When humans dimly see, through the veil revealing scientific information, and understand what God has created, His invisible qualities are more clearly seen. Immanent mechanisms for healing to explain speedy and “miraculous” recoveries become more fully understood. Faith in healing, that we can choose, implements interaction of God’s assistance with our immanent biological healing processes.

His Transcendence—More information For Miracles

Life’s Immanent Healing Ability

            Human beings’ immanent healing mechanisms enable spontaneous recovery for most diseases or ailments. Sometimes this “self-cure” is triggered by an outside influence called a placebo, resulting in the placebo phenomenon.2 Often self-cure is not possible without such an outside influence. Placebo medication is an inert and ineffective substance believed by the user to be an effective drug. “A placebo effect is a change in a patient’s illness attributable to the symbolic import of a treatment rather than a specific pharmacologic or physiologic property.”3 A medical authority, recently quoted in the British Medical Journal, described placebos as the “most effective medication known to science, subjected to more clinical trials than any other medicament yet nearly always doing better than anticipated. The range of susceptible conditions appears to be limitless.”4 Over the centuries, medical treatments for many diseases were not failures. Their success may be explained by the conclusion: “medicine, until the most recent periods, has been merely a ‘placebo effect.’”5

            Healing successes are also documented following different nontraditional therapeutic approaches that are described as holistic, complementary, alternative and spiritual. Their successes result from placebo responses where therapy can change peoples’ beliefs—a mind-body therapy. No one who heals, by traditional or nontraditional means, ever attributes healing to a placebo response. Their healing powers are always claimed to be in the unique techniques or spiritual powers that the healers employ.

Vision for Healing

 The placebo phenomenon shows that a person’s beliefs and information generate expectancies on disease outcomes. Expectancies ranging from hope to despair act on the immanent healing processes. Positive expectancies are based on peoples’ experiences that they recover spontaneously from most illnesses. Hope is essential for healing and placebos give people a basis for hope. A placebo given with no other treatment is a “hope only” treatment. Placebos bring no healing to people without hope and mired in despair. God’s wisdom tells us that “Where there is no vision people perish.” (Proverbs 29:18 KJV)

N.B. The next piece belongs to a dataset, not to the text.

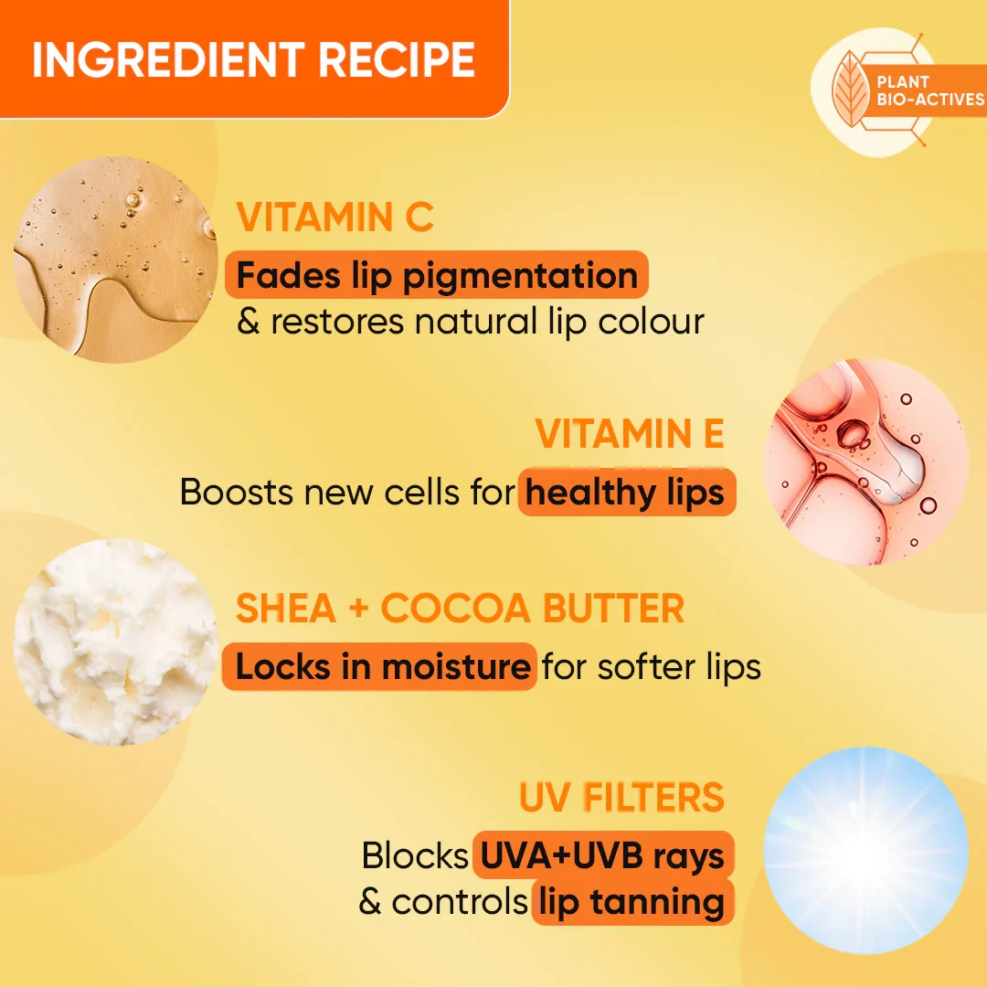 Ricinus Communis (Castor) Seed Oil, Octocrylene, Ethylhexyl Methoxycinnamate, Hydrogenated Soy Polyglycerides (and) C15-23 Alkanes, Sorbitan Olivate, Hydrogenated Polyisobutene, Butyrospermum Parkii (Shea) Butter, Color, Ascorbyl Palmitate, Tocopheryl Acetate, Theobroma Cacao (Cocoa) Seed Butter, Persea Gratissima (Avocado) Oil, Caprylic/Capric Triglyceride (and) Polyurethane-79, Flavour, Pentaerythrityl Tetra-Di-T-Butyl Hydroxyhydrocinnamate, Sucralose.

Faith is essential for a placebo to be effective—faith in an external authority. Some Christians believe modern medicine’s dogma that only scientific knowledge, medical and surgical procedures, and drugs can heal. They decline anything resembling faith healing; they have no vision to seek the Lord’s assistance. They shun unusual non-traditional healing approaches and stay in the good graces of physicians who do not believe that mental events can direct physical events, that faith can “heal.” The placebo phenomenon embarrasses modern doctors, especially when it shows they have little control over healing processes. Admission that one cannot manage alone (giving up control) leads one to trust in the divine assistance that is available for our immanent healing processes.

Suffering’s cause is often unknown. When symptomatic drug therapy fails, diagnostic procedures are used to discover suffering’s cause, and sometimes such procedures provide no answers. In such cases, doctors frequently believe the cause to be an incurable disease. Diagnostic searches may continue until the doctor finds evidence to suggest cancer. Since most cancers are incurable, this evidence becomes a death sentence. Physicians are not embarrassed when no treatment can offer success—they can give up trying. Earlier death results in people who believe they should give up trying, that no hope can be justified. With oblivion the consequence of hopelessness, hope is always justified and sometimes leads to complete and spontaneous disappearance of cancer or some other “incurable” pathology. The Lord promises us that: “Anything is possible if a person believes.” (Mark 9:23) People who find no answers from medical practice and lack vision to seek the Lord’s help are likely to replace their anxiety with depression and anger, alienation, and repeated disappointment.

Believing is Seeing

Believers practice the genuine treatment of prayer for healing: “O Lord my God, I cried out to you for help, and you restored my health.” (Psalm 30:2) Unproven “genuine” treatments—which both doctors and patients truly believe in but are scientifically known to be ineffective (unproven)—can result in hope-based recoveries; yes, thought to be genuine treatments (believing) often have placebo effects (seeing). Data in table 1 show the degree of improvement with treatments thought to be genuine at the time but are now known to be ineffective.3 These data show that believing is seeing results in the placebo phenomenon

Table 1. Placebo Effects in Studies of Medical

 and Surgical Treatments for Pain

Condition or Disease

Treatment or Management

Percent Improved

Herpes simplex virus infection


85% good-excellent

Photodynamic inactivation

85-100% good-excellent

Organic solvents topically

83% good-excellent

Duodenal ulcers

Gastric freezing

98-100% marked-complete relief

65% good-excellent

Angina pectoris

Internal mammary artery ligation

63% significant improvement

Skin incision only

56% significant improvement

Angina pectoris

Internal mammary ligation

100% improvement

Skin incision only

100% improvement

Temporomandibular disorder

Sham tooth-grinding

64% total-near total remission

Lumbar disk disease

Negative surgical exploration

37% complete relief of sciatica

43% complete relief back pain

When Seeing is Believing

            Science and the world’s reasoning “power” tell us to believe in only what can be seen and proven. Belief in placebo responses no longer need embarrass anyone deeply committed to only what can be seen and proven. The placebo effect can now be “pictured.” Functional magnetic resonance imaging studies can capture differences in regional brain blood flow and activity before and during a placebo response.6 Studies were done during painful but harmless heat or electrical stimuli on the arm. After local application of what individuals were told to be an anti-pain cream, these stimuli resulted in decreased brain activity in pain-sensitive regions; pain sensation was reduced. Also, blood flow increased in brain regions where anticipation of pain would be initiated by heat or electrical stimuli; this increase reflects expectations for pain relief from the placebo.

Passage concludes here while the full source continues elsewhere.